The OMA database—developed in our lab—currently relies upon an all-against-all. With 8,798,758 protein sequences from 1706 genomes in the latest release, this represents 38.7 trillion alignments. We could probably cope with a few thousands genomes more, but will struggle to get to the next order of magnitude with the current pipeline.

Furthermore, it is difficult to accept that as we increasingly sample the protein sequence universe, even though we know more and more about its diversity, the marginal computational cost of adding sequences goes higher, not lower.

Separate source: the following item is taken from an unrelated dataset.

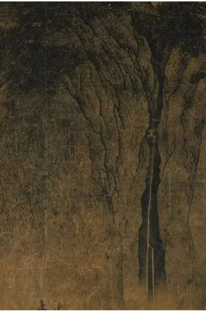 為了打破沉悶的山體,范寬對(duì)山間的瀑布也做了設(shè)計(jì),在幽深的山林間設(shè)計(jì)了“一線天”瀑布,加深了畫面層次。

In this project, we thus set out to try to achieve the sensitivity of the all-against-all at the speed of clustering.

Transitivity of homology

In principle, homology is a transitive relationship: if gene A is homologous to gene B, and gene B is homologous to gene C, this implies that gene A is homologous to gene C. Transitive relationships are typically a good fit for clustering.

In practice, however, things are more complicated. Homology can be difficult to ascertain for very divergent sequences. Furthermore, homology is not always transitive due to insertions, deletions, fusion, fissions, and other events that may cause inconsistencies in terms of matching residues across multiple homologs. This figure illustrates these problems and outlines the ideas we implemented to address them:

Transitivity of homology or lack thereof

Encouraging results

Putting together the ideas outlined in the figure above, we were pleasantly surprised to see that clustering can indeed be both sensitive and fast. We obtained 4-5x speed-ups across various datasets while recovering ~99.9% of all homologous relationships identified through all-against-all.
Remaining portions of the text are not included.